Опер. Девочка на спор
Шрифт:
И обувь. Конечно же обувь. Плоская подошва, закрытый нос, чтобы в случае чего, было удобно бежать или обороняться.
Подол юбки касается пола в подъезде. Приподнимаю легкую ткань и спускаюсь к такси. Грустно смотрю на припаркованный у подъезда байк, пока он не скрывается из виду. Заламывая пальцы, пытаюсь прикинуть сценарий сегодняшнего дня, чтобы нигде не проколоться.
— Я работаю в частной художественной школе. Преподаю детям дошкольного и школьного возраста, — проговариваю себе под нос.
— Что? — спрашивает таксист, сворачивая во двор,
На следующий же день, после дня рождения съехала от родителей и тайно поступила в Академию МВД.
— Нет, ничего, — качаю головой. — Вот этот подъезд, — указываю мужчине.
Он останавливается. Благодарно киваю и придерживая платье, выхожу на улицу. Еще один вдох. Поднимаю взгляд, пробегаясь по этажам. Побеленные стены с бирюзовыми фрагментами, всегда чистые, светлые подъезды с цветами на подоконниках. Квартиры в этих домах когда-то давали научным и культурным работникам. Моим родителям она перешла от бабушки. Я проводила здесь каникулы, а потом ее сдавали квартирантам.
Здесь сплошь и рядом профессора, музыканты, художники или актеры, часто непризнанные, но это не имеет значения.
Нервно улыбнувшись, поднимаюсь к нашей квартире. Дверь все та же, кнопка звонка, как в моем детстве. Сейчас скорее всего открыто, меня ждут. Дёрнув за ручку, убеждаюсь в своей правоте.

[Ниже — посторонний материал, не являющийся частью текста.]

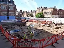 The friary is best known as the burial place of King Richard III who was hastily buried in the friary church following his death at the Battle of Bosworth. An archaeological dig in 2012/13 successfully identified the site of the Greyfriars church and the location of Richard's burial.[4] The grave site was incorporated into the 'Dynasty, Death and Discovery' museum which opened in 2014. In December 2017 Historic England scheduled the site.[5]

Перешагиваю через порог. Во рту снова пересыхает. Последний звонок до начала спектакля и…
— Ивушка приехала! — восклицает мама, услышавшая, что я вошла. Раскинув руки, идет обниматься. — Моя девочка, — касается щеки. — Тебе так идет это платье, — искренне восхищается она, с сожалением глядя на короткие волосы. — Пойдем скорее, тётя Валя очень хочет на тебя посмотреть.
А я на нее не очень. Не самая приятная и тактичная женщина в окружении родителей.

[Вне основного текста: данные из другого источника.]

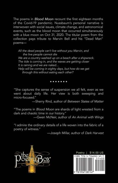 The poems in Blood Moon recount the first eighteen months of the Covid-19 pandemic. Elaine Nussbaum's personal narrative is interwoven with social issues, climate change, and astronomical events, such as the blood moon that occurred simultaneously with a blue moon on Oct 31, 2020. The titular poem from the collection pays tribute to Marvin Bell and his "Dead Man" poems- All the dead people can't live without you Marvin, and the live people cannot die We are a country washed up on a beach after a shipwreck. The tide is coming in, and the waves are getting closer It is raining and we are naked... Help will be coming in eighty days, but how do we get through this without eating each other? ______________ "She captures the sense of suspension we all felt, even as we went about daily life. Her view is both sweeping and micro-focused."-Sherry Rind, author of Between States of Matter "The poems in Blood Moon are shards of light wrested from a dark and chaotic time in our history."-Gwen McNeir, author of An Animal with Wings "I admire the ordinary details of a life woven into the fabric of a poetry of witness."-Joseph Millar, author of Dark Harvest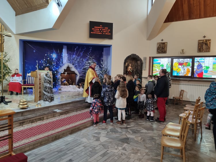 Tradycyjnie ksiądz proboszcz pod koniec Mszy zaprasza dzieci na wspólne kolędowanie. Na pociechy czekają także łakocie.

Вхожу в просторную гостиную. Здесь за много лет тоже ничего не изменилось, разве что за исключением дивана, стола и пары кресел. К ним время оказалось безжалостным.
— Здравствуйте, — тихо приветствую тётку.

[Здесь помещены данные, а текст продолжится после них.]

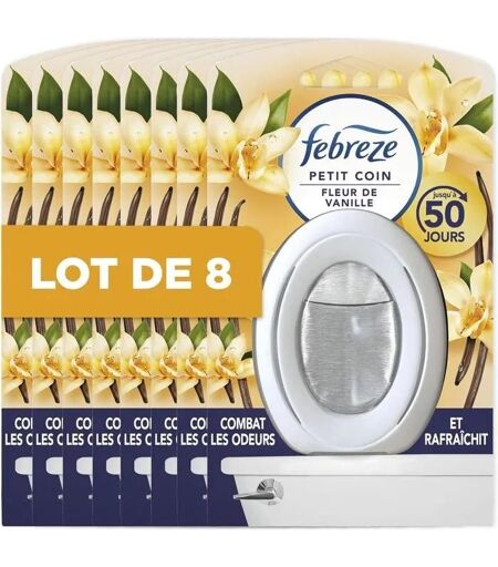 Febreze Petit Coin Et Salle De Bains, Fleur de Vanille (8 x 7,5ml), Liquide Désodorisant En Continu Pour Élimination Et Prévention Des Odeurs ...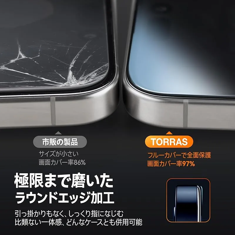 【全面保護・驚くほど頑丈な黒縁】850℃焼き戻し二次強化技術で作られた極細黒縁により、ガラスフィルムのフチ割れを効果的に防ぐことができます。本体端部との隙間を通常の2~3mmから0.6mmにすることで、極細黒縁が画面の表示領域を全く妨げず、全面保護を実現しています。

— Ива, — она оглядывает меня критически. — Зря не отращиваешь волосы. Это достоинство и красота женщины. Что за мода сейчас? — вздыхает она. — Делать из себя нечто неопределенного пола. Если бы не платье, сзади я могла бы подумать, что передо мной мальчик.
— Зачем ты так, Валь, — вступается мама. — Ей идет.
— Я не говорю, что не идет. Хороший, смазливый мальчик, — хохочет, считая, что остроумно пошутила.
— Привет, пап, — машу рукой часто молчаливому преподавателю истории в профильном столичном университете.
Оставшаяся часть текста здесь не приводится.